DATA FOR ANALYSIS:
((

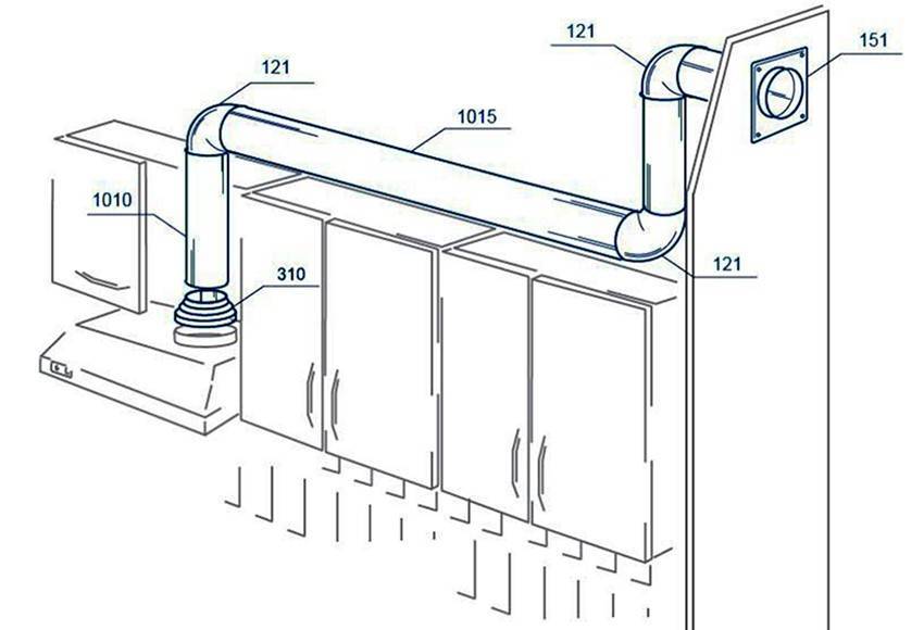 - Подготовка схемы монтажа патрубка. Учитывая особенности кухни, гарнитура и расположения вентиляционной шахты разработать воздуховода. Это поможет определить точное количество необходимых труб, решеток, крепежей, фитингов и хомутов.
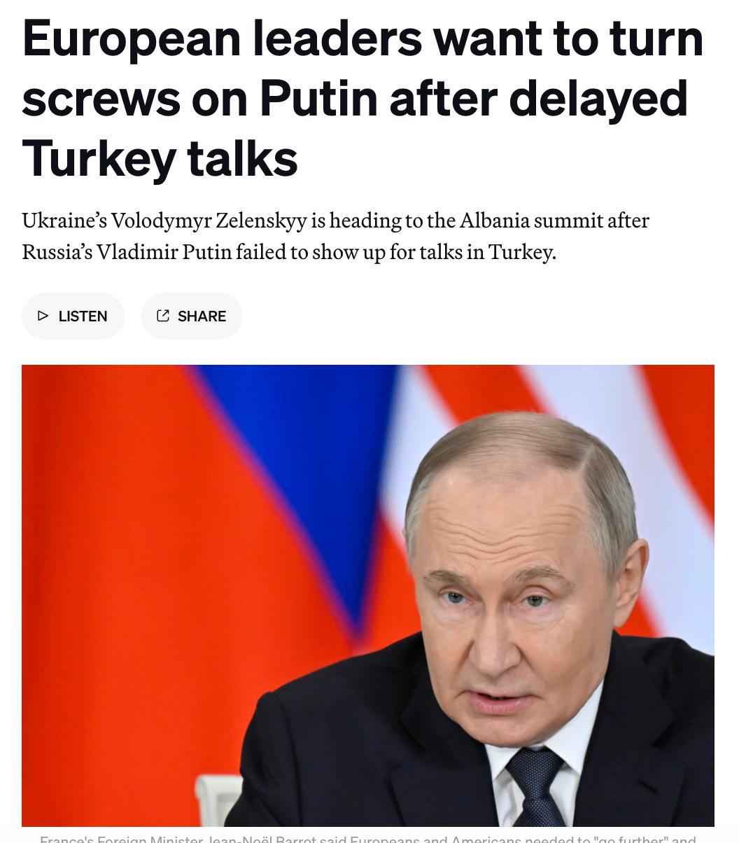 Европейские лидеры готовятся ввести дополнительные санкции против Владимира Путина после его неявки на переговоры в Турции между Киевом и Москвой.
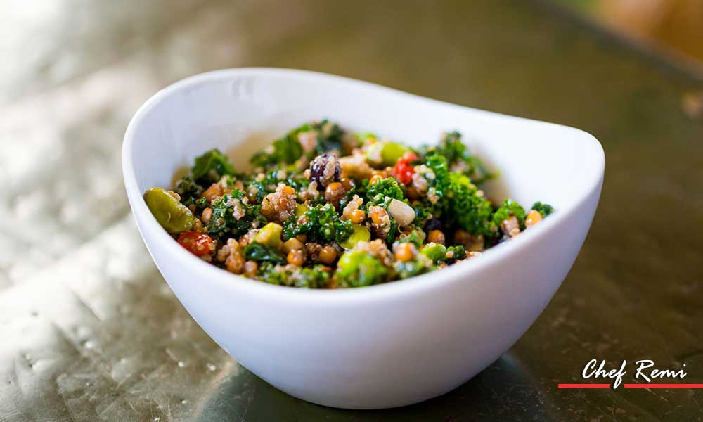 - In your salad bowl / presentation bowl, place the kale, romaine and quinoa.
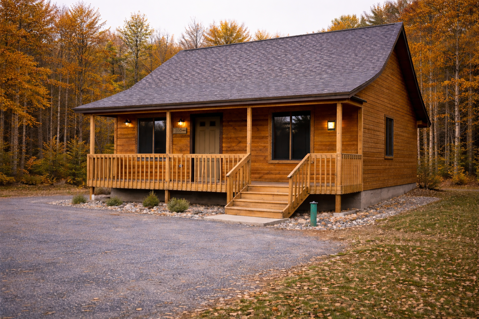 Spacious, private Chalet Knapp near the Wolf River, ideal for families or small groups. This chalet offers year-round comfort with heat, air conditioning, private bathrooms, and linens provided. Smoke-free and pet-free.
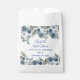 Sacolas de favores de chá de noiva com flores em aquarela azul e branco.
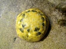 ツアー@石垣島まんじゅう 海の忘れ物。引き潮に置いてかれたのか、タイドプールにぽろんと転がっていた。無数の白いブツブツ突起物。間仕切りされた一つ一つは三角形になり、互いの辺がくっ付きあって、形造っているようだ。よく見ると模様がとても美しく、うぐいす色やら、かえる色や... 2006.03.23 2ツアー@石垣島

))
((

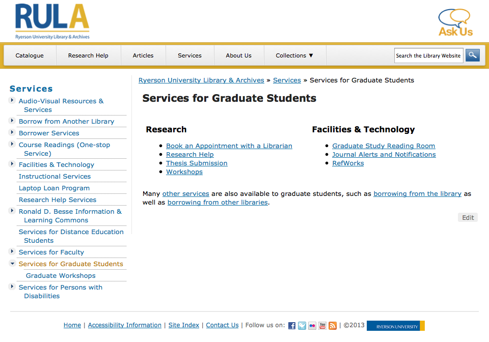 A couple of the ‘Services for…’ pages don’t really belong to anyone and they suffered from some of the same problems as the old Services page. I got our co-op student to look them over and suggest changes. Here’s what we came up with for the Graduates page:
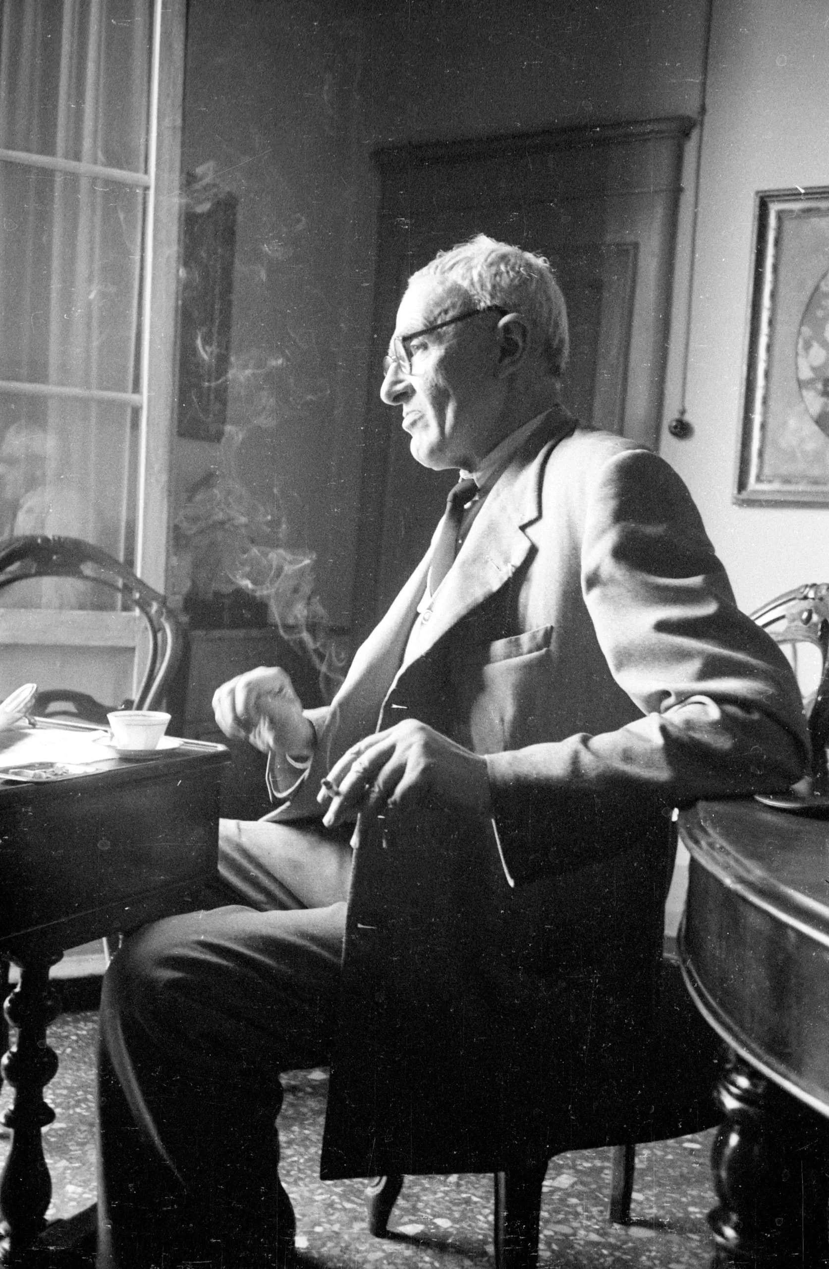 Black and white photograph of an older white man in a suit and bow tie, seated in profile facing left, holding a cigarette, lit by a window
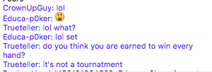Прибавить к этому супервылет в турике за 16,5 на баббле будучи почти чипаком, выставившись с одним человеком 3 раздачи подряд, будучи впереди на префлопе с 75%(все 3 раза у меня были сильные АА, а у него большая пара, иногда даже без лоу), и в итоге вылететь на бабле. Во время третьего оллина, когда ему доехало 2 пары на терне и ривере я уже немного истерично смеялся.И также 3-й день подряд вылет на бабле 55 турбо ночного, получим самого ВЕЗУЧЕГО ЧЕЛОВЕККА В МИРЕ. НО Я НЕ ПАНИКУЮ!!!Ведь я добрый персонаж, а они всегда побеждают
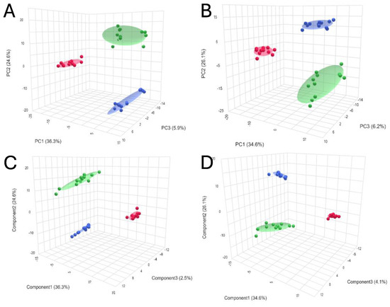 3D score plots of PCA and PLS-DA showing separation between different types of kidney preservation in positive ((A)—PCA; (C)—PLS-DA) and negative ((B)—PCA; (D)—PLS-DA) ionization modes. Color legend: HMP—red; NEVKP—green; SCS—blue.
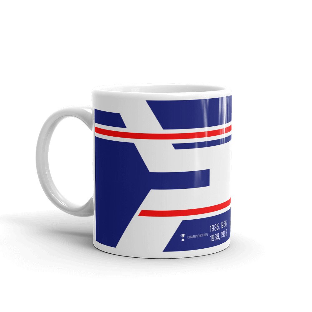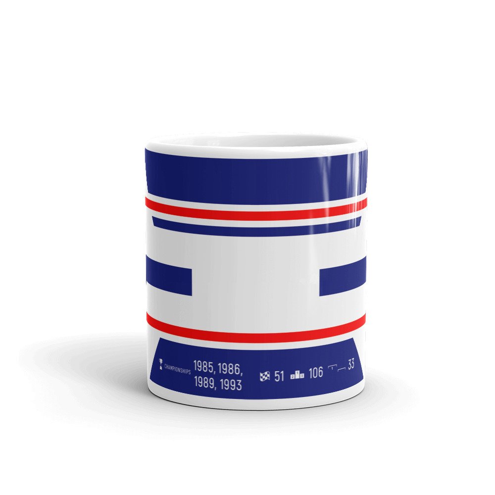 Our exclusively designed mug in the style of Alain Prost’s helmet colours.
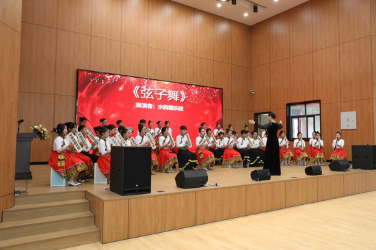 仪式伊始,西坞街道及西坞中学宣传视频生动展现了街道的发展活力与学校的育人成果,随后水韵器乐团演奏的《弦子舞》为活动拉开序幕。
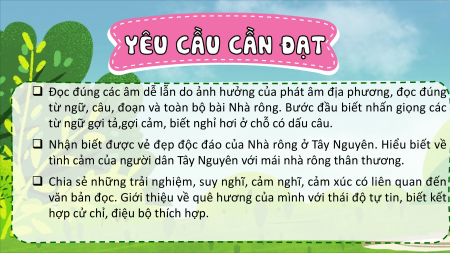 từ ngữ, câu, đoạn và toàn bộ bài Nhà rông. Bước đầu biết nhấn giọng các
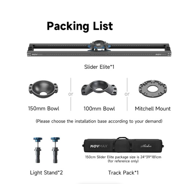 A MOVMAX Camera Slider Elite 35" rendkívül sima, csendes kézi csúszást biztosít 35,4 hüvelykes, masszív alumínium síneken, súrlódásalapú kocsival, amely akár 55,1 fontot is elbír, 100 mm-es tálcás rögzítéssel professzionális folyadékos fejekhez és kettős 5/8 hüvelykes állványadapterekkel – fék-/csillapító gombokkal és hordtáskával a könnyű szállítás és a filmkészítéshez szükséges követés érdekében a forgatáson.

))
((

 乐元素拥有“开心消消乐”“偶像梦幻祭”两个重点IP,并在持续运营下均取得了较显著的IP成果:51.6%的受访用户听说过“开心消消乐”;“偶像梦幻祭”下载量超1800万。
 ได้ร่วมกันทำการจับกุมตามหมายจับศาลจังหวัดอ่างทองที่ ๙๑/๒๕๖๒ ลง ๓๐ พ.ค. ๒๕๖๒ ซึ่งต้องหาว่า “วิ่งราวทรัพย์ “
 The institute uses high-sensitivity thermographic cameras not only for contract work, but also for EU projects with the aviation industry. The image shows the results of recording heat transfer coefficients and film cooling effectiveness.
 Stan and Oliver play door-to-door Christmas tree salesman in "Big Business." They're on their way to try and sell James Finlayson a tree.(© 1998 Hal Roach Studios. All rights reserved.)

))

Print nothing but the lines above starting with the line that contains "- Подготовка схемы" and going on through the line that contains "- In your salad". Leave out the pictures.

TASK RESULT:
 - Подготовка схемы монтажа патрубка. Учитывая особенности кухни, гарнитура и расположения вентиляционной шахты разработать воздуховода. Это поможет определить точное количество необходимых труб, решеток, крепежей, фитингов и хомутов.
 Европейские лидеры готовятся ввести дополнительные санкции против Владимира Путина после его неявки на переговоры в Турции между Киевом и Москвой.
 - In your salad bowl / presentation bowl, place the kale, romaine and quinoa.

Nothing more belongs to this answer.